-- WORK REQUEST --
Retype, exactly as they appear below, the lines between the line holding "Gambar 2.16 Tampilan" and the line holding "Både Faldbakken og", both ends included.

-- SUPPLIED MATERIAL --
····················

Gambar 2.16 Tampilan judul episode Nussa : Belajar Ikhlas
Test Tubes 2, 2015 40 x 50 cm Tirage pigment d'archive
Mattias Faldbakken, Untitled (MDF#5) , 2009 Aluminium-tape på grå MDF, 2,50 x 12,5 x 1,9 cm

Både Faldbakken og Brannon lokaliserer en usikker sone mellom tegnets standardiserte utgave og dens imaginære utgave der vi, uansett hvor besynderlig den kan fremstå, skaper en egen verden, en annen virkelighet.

····················

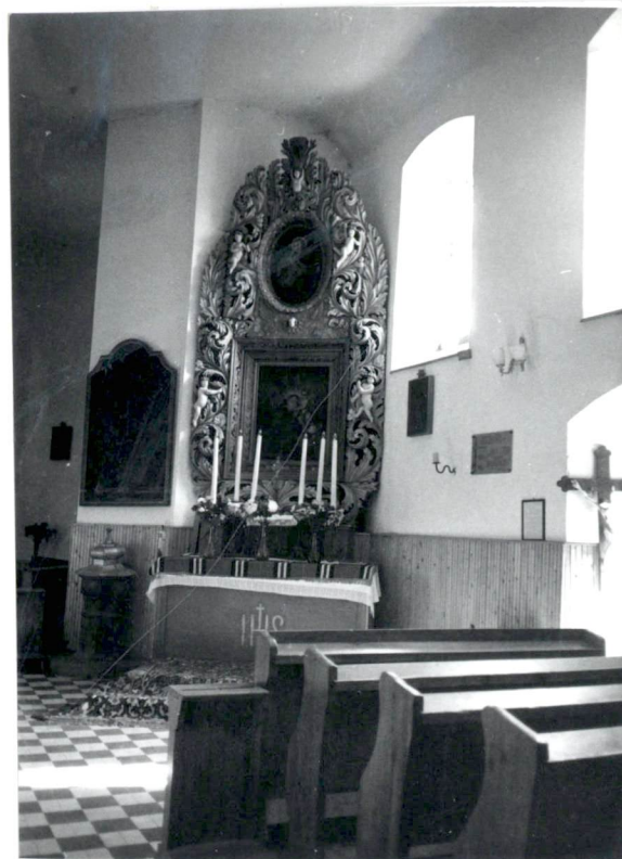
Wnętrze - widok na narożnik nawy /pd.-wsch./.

····················

-- RESULT OF THE EXERCISE --
Gambar 2.16 Tampilan judul episode Nussa : Belajar Ikhlas
Test Tubes 2, 2015 40 x 50 cm Tirage pigment d'archive
Mattias Faldbakken, Untitled (MDF#5) , 2009 Aluminium-tape på grå MDF, 2,50 x 12,5 x 1,9 cm

Både Faldbakken og Brannon lokaliserer en usikker sone mellom tegnets standardiserte utgave og dens imaginære utgave der vi, uansett hvor besynderlig den kan fremstå, skaper en egen verden, en annen virkelighet.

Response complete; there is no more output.